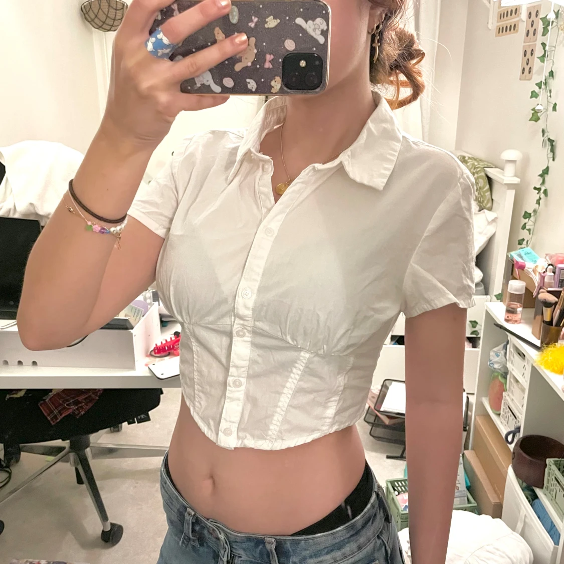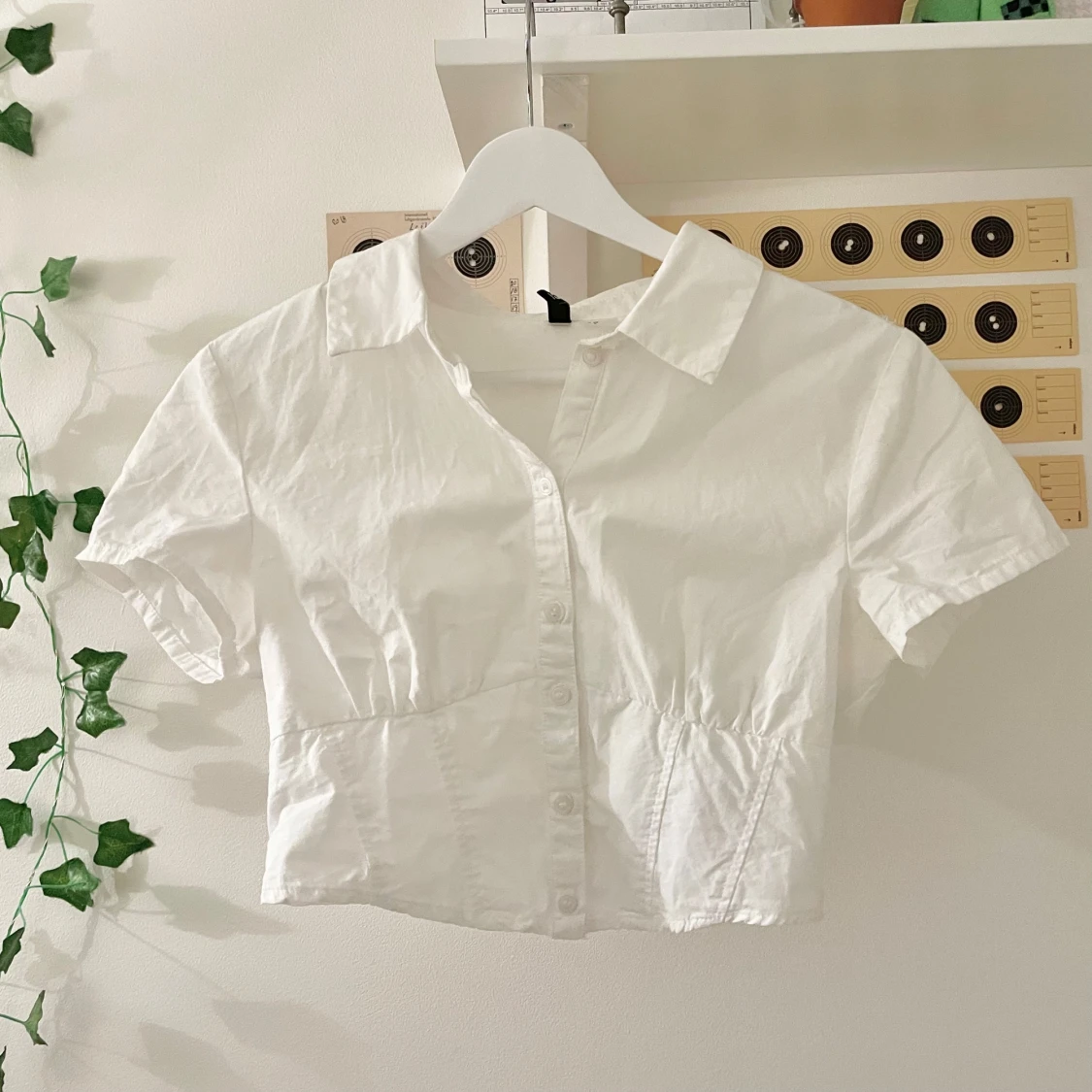 Vit croppad skjorta från H&M med snygg figurnära passform. Tillverkad i 100% bomull, jättefint skick! 🤍Kolla gärna in mina andra annonser, försöker bli av med allt så snart som möjligt 💝pris alltid förhandlingsbart, brukar gå med på de flesta prisförslag!😚
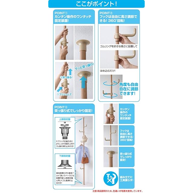 【ワンタッチ突っ張り構造】実用新案取得済みのワンタッチ突っ張り構造で、設置がカンタンで移動もさせやすいです。
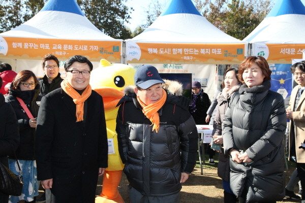 지난 18일 오후 박홍섭 마포구청장은 서울광장에서 열린 '서울복지박람회'에 참석했다. 사진은 박 구청장이 마포구 부스를 찾아, 관계자들에게 격려의 말을 건네며 둘러보고 있는 모습.(사진제공=마포구청)
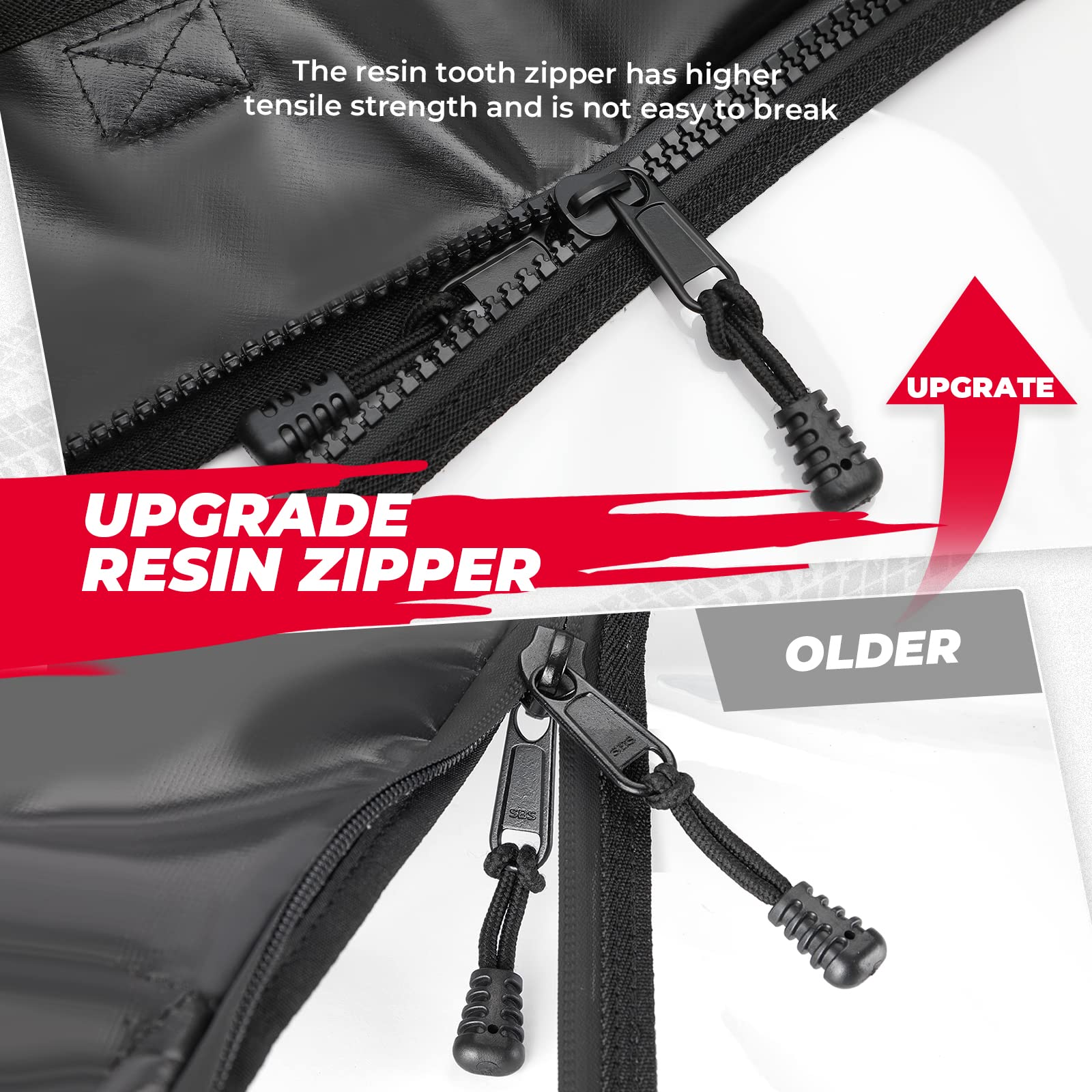 We improved our cab enclosures based on previous customer experience by replacing nylon zippers with resin zippers. The resin tooth zipper has higher tensile strength and is not easy to break, and smooth even if the mud sticks to it will not jam, so you do not have to worry about the zipper easily broken!
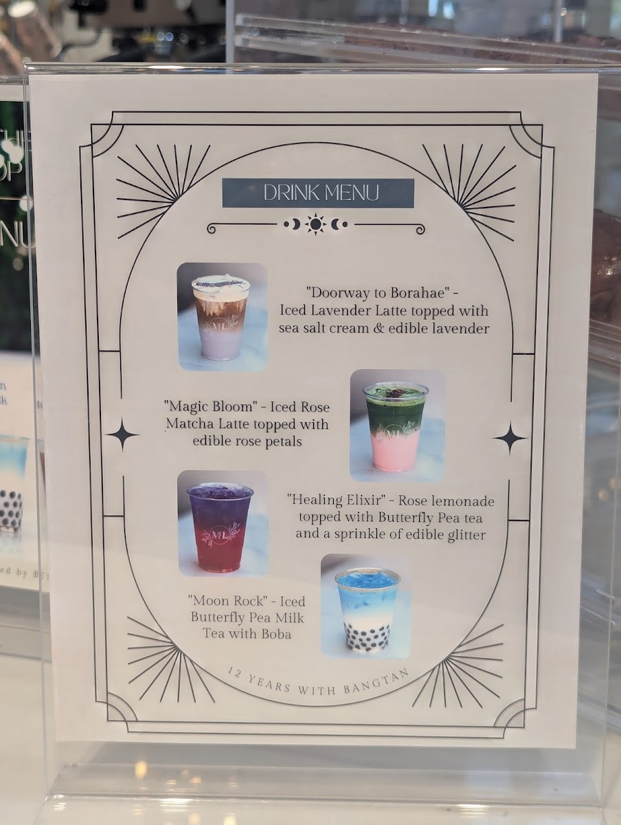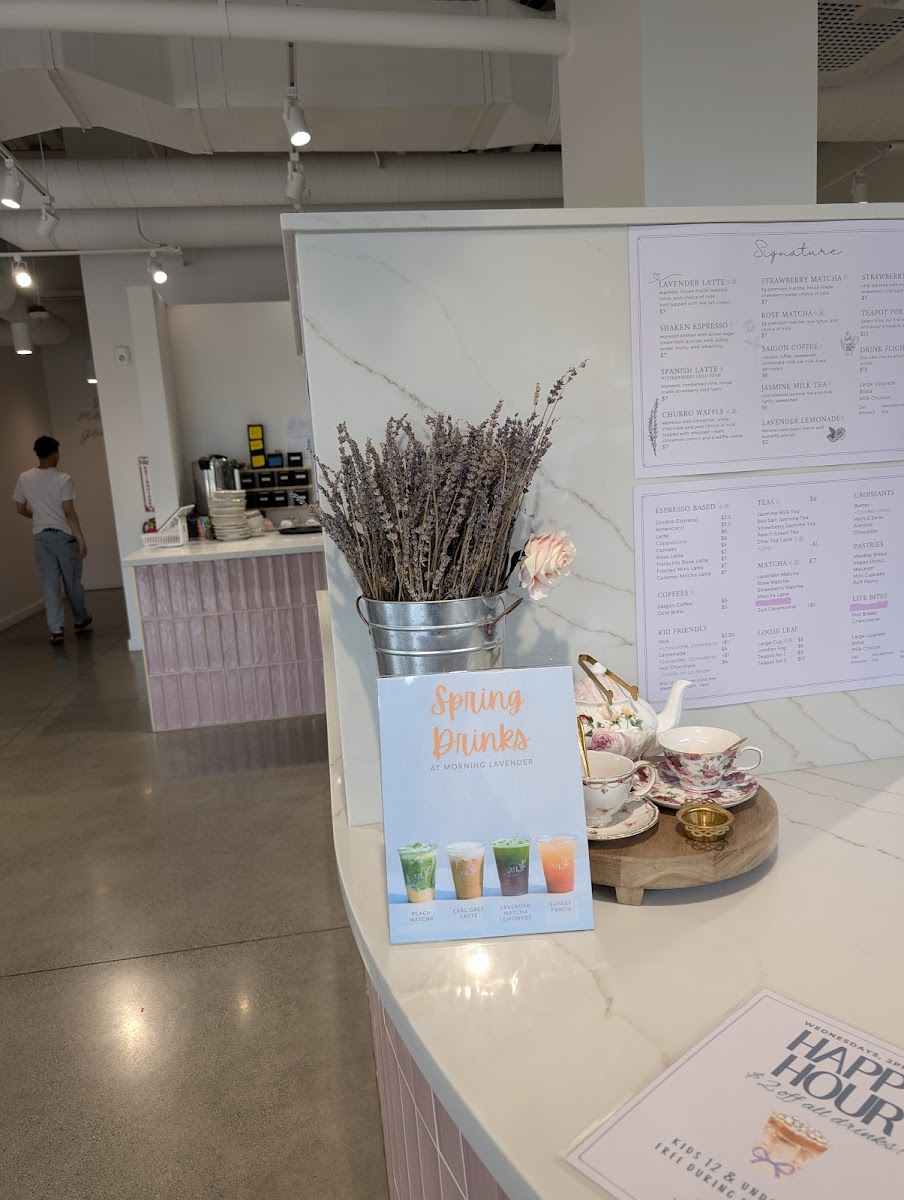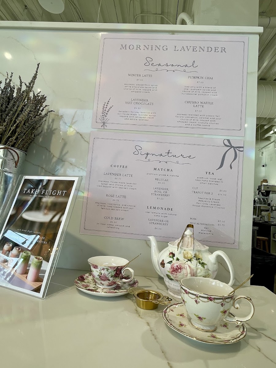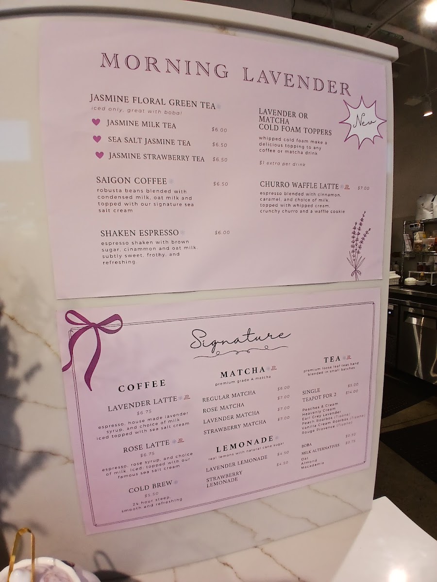 At the heart of the café is the menu, which features a selection of uniquely crafted beverages sure to tantalize your taste buds. Start your day with the Lavender Latte ($6.75), a beautifully balanced drink that has enchanted even the most discerning coffee lovers. Or perhaps indulge in the flower-infused Rose Latte ($6.75), which offers a sweet yet refined taste profile. If you're in the mood for something refreshing, the Lavender Lemonade and Strawberry Lemonade ($4.50 each) are perfect choices, offering a burst of flavor to complement the café’s delightful pastries.
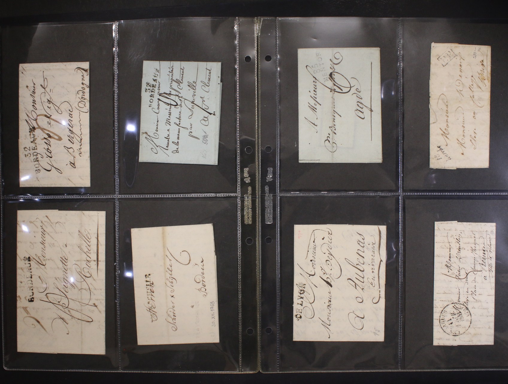1569 sestava 16 ks předzn. dopisů z let 1770 - 1842 s různými raz., mj. řádkové červené CHAUMONT, VALOGNES, černé řádk. raz. BORDEAUX, DE LYON 1500
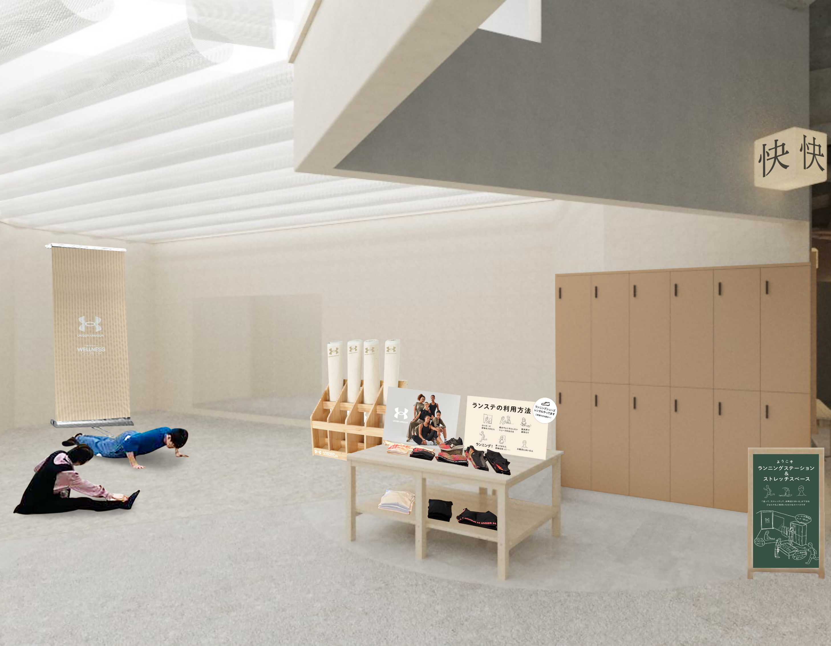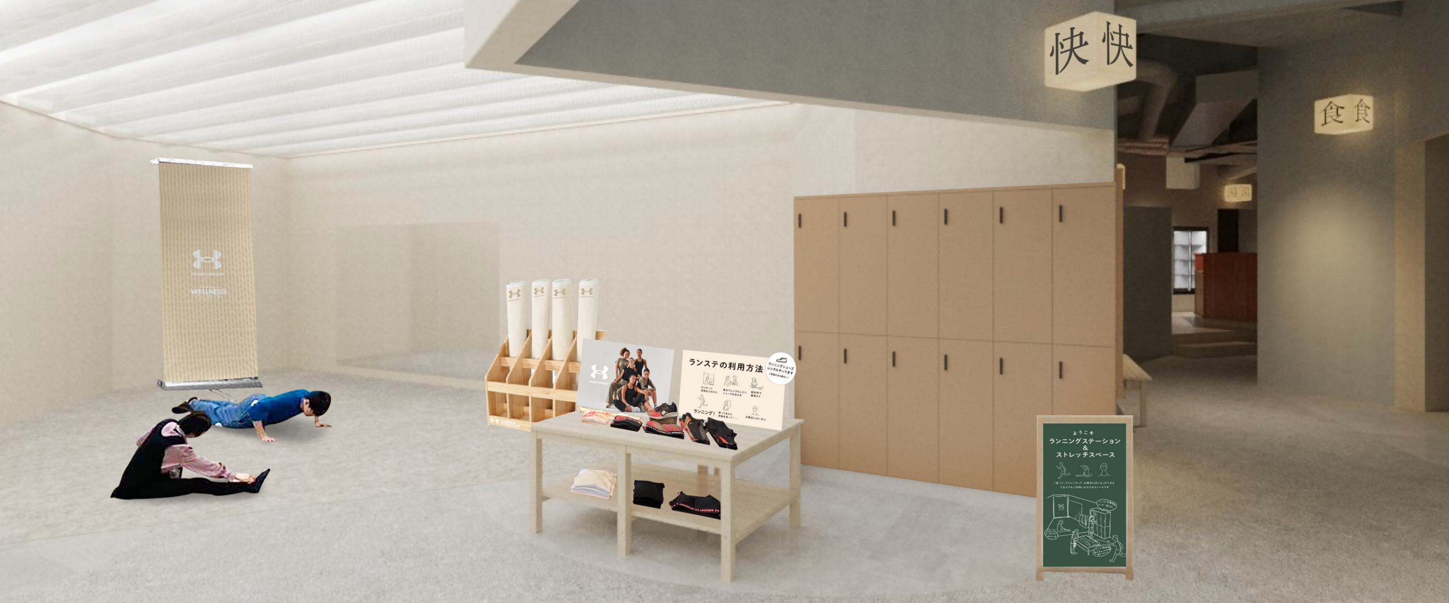 誰でも活用いただける、ランニングロッカーとストレッチスペースを用意しました。普段運動する人も、しない人も。「走ってお風呂に入ったら気持ちが良さそう」そんな思いで、ゆるやかに、チカイチ・アンダーアーマーにお越しください。

:: Goal of the exercise ::
Your task is to reproduce every record exactly while omitting the pictures.

:: Solution to this exercise ::
 Vit croppad skjorta från H&M med snygg figurnära passform. Tillverkad i 100% bomull, jättefint skick! 🤍Kolla gärna in mina andra annonser, försöker bli av med allt så snart som möjligt 💝pris alltid förhandlingsbart, brukar gå med på de flesta prisförslag!😚
 【ワンタッチ突っ張り構造】実用新案取得済みのワンタッチ突っ張り構造で、設置がカンタンで移動もさせやすいです。
 지난 18일 오후 박홍섭 마포구청장은 서울광장에서 열린 '서울복지박람회'에 참석했다. 사진은 박 구청장이 마포구 부스를 찾아, 관계자들에게 격려의 말을 건네며 둘러보고 있는 모습.(사진제공=마포구청)
 We improved our cab enclosures based on previous customer experience by replacing nylon zippers with resin zippers. The resin tooth zipper has higher tensile strength and is not easy to break, and smooth even if the mud sticks to it will not jam, so you do not have to worry about the zipper easily broken!
 At the heart of the café is the menu, which features a selection of uniquely crafted beverages sure to tantalize your taste buds. Start your day with the Lavender Latte ($6.75), a beautifully balanced drink that has enchanted even the most discerning coffee lovers. Or perhaps indulge in the flower-infused Rose Latte ($6.75), which offers a sweet yet refined taste profile. If you're in the mood for something refreshing, the Lavender Lemonade and Strawberry Lemonade ($4.50 each) are perfect choices, offering a burst of flavor to complement the café’s delightful pastries.
1569 sestava 16 ks předzn. dopisů z let 1770 - 1842 s různými raz., mj. řádkové červené CHAUMONT, VALOGNES, černé řádk. raz. BORDEAUX, DE LYON 1500
 誰でも活用いただける、ランニングロッカーとストレッチスペースを用意しました。普段運動する人も、しない人も。「走ってお風呂に入ったら気持ちが良さそう」そんな思いで、ゆるやかに、チカイチ・アンダーアーマーにお越しください。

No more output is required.